The problem >>
Output the full listing below exactly as it reads, and skip anything that is a picture.

Raw data >>

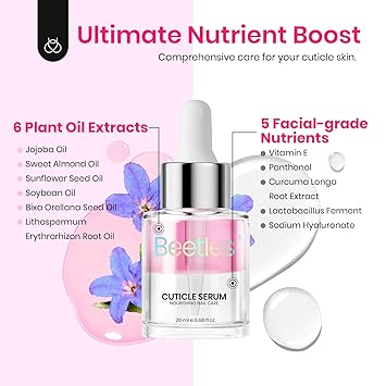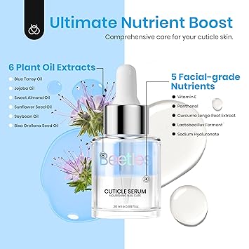- Natural Ingredients: Nutritious & Healthy Nail CareBeetles cuticle oil contains real natural nutrient ingredients ( Jojoba Oil、Olive Oil、Vitamin E) that moisturize the cuticles and strengthen the nails.
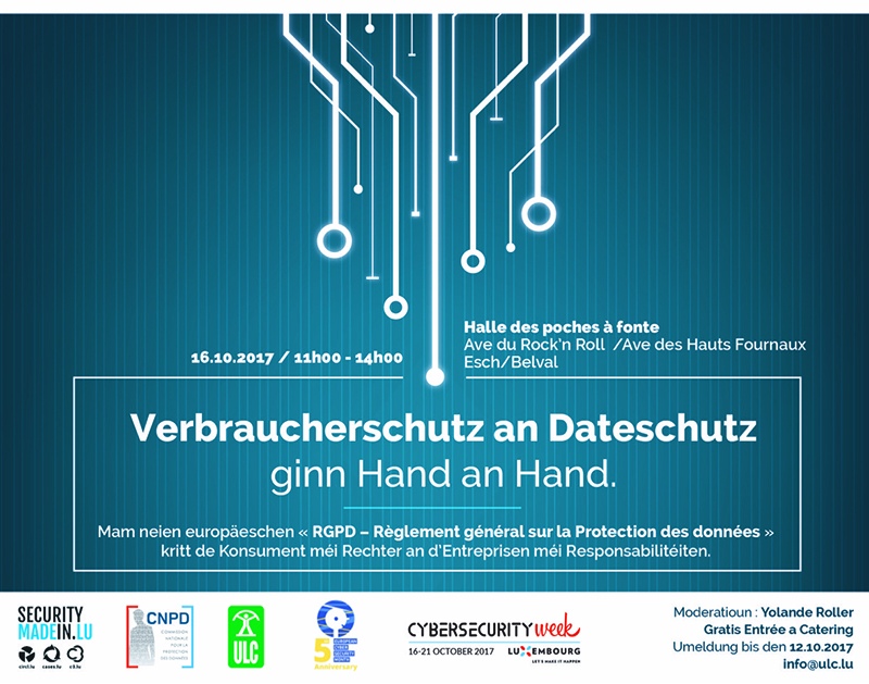 Invitatioun: Verbraucherschutz an Dateschutz ginn Hand an Hand
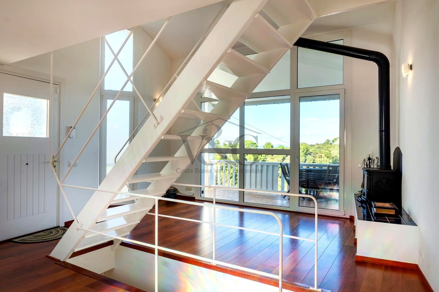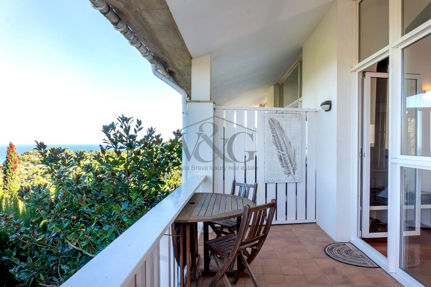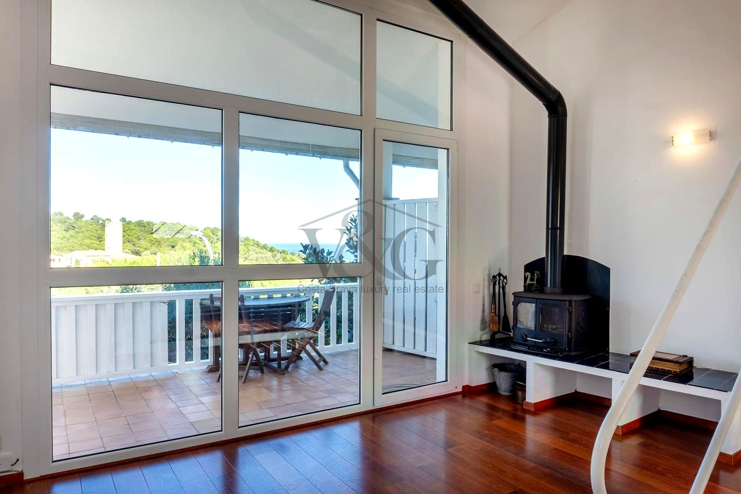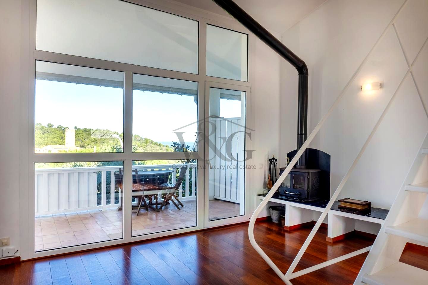 Terraza acristalada (se puede abrir completamente) con vistas directas al mar de Aiguafreda y al mítico Mas d’en Pinc (donde vivió Carmen Amaya) → ¡Desayunar viendo el mar cada mañana!
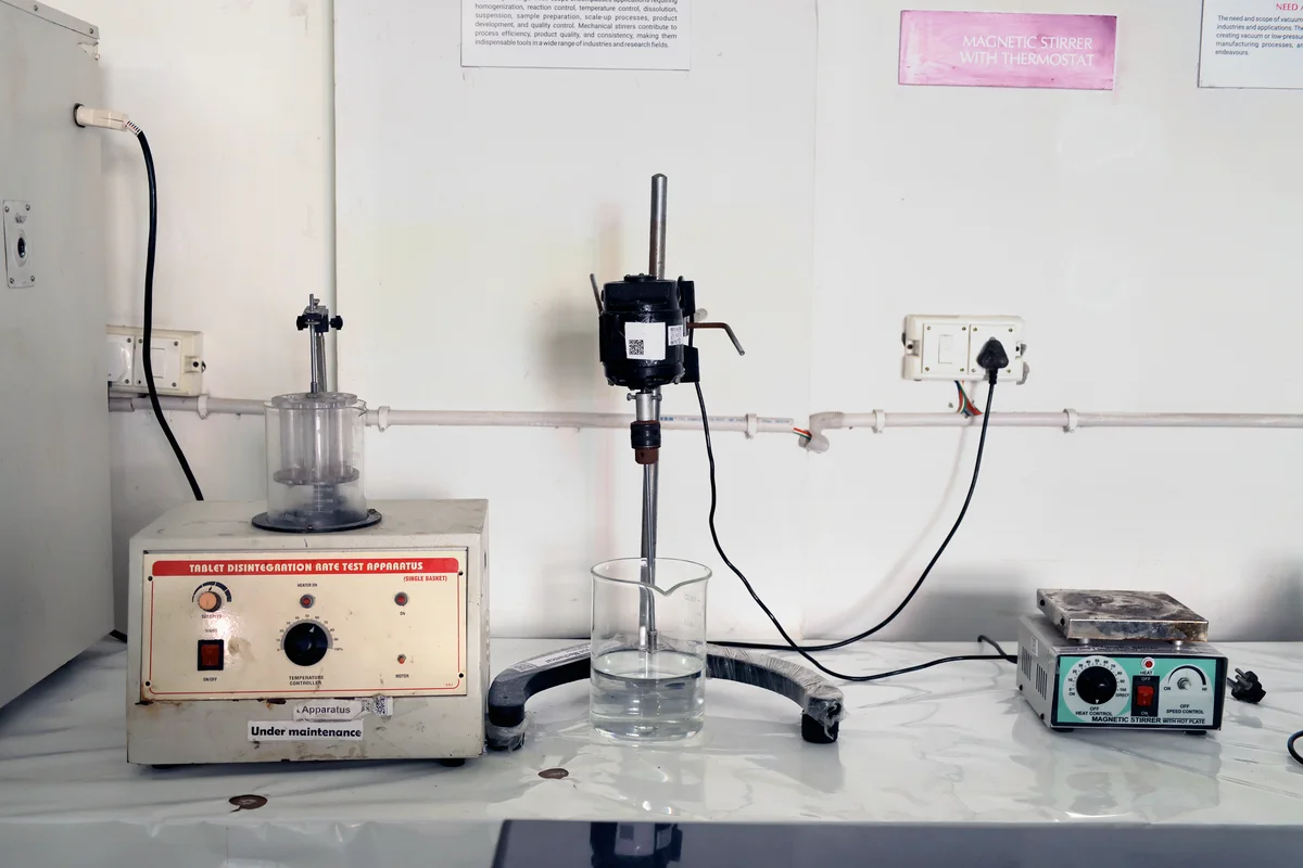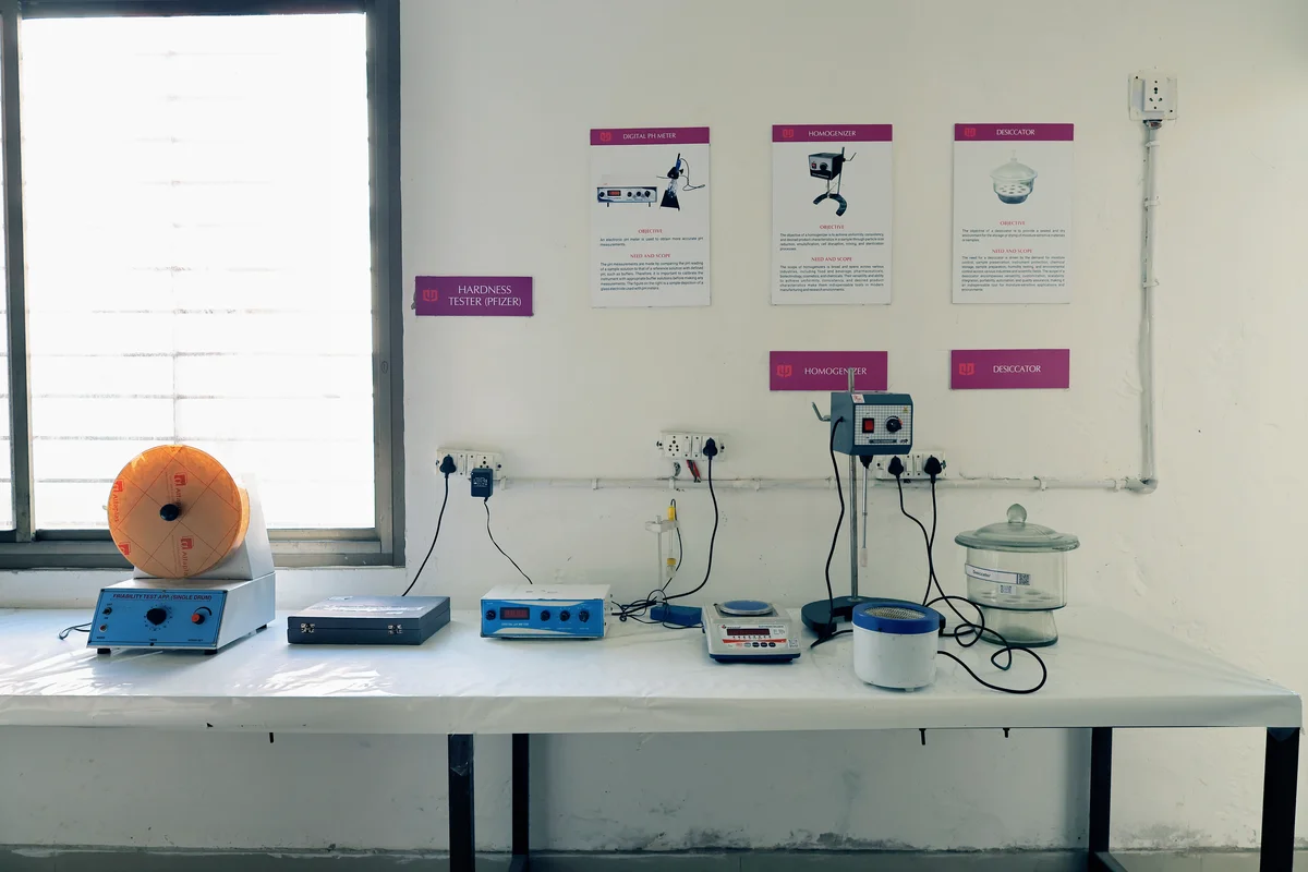 Pharmaceutics Laboratory-I is fully equipped with both fundamental and advanced instruments for the formulation of various dosage forms, including tablets, capsules, and elixirs. Students gain hands-on experience in evaluating formulations based on Pharmacopoeial standards, conducting tests such as weight variation, mechanical strength, disintegration, dissolution, friability, and parenteral clarity. This lab provides a simulated industrial environment, allowing students to develop essential skills and prepare for future roles in the pharmaceutical industry.

Expected answer >>
- Natural Ingredients: Nutritious & Healthy Nail CareBeetles cuticle oil contains real natural nutrient ingredients ( Jojoba Oil、Olive Oil、Vitamin E) that moisturize the cuticles and strengthen the nails.
 Invitatioun: Verbraucherschutz an Dateschutz ginn Hand an Hand
 Terraza acristalada (se puede abrir completamente) con vistas directas al mar de Aiguafreda y al mítico Mas d’en Pinc (donde vivió Carmen Amaya) → ¡Desayunar viendo el mar cada mañana!
 Pharmaceutics Laboratory-I is fully equipped with both fundamental and advanced instruments for the formulation of various dosage forms, including tablets, capsules, and elixirs. Students gain hands-on experience in evaluating formulations based on Pharmacopoeial standards, conducting tests such as weight variation, mechanical strength, disintegration, dissolution, friability, and parenteral clarity. This lab provides a simulated industrial environment, allowing students to develop essential skills and prepare for future roles in the pharmaceutical industry.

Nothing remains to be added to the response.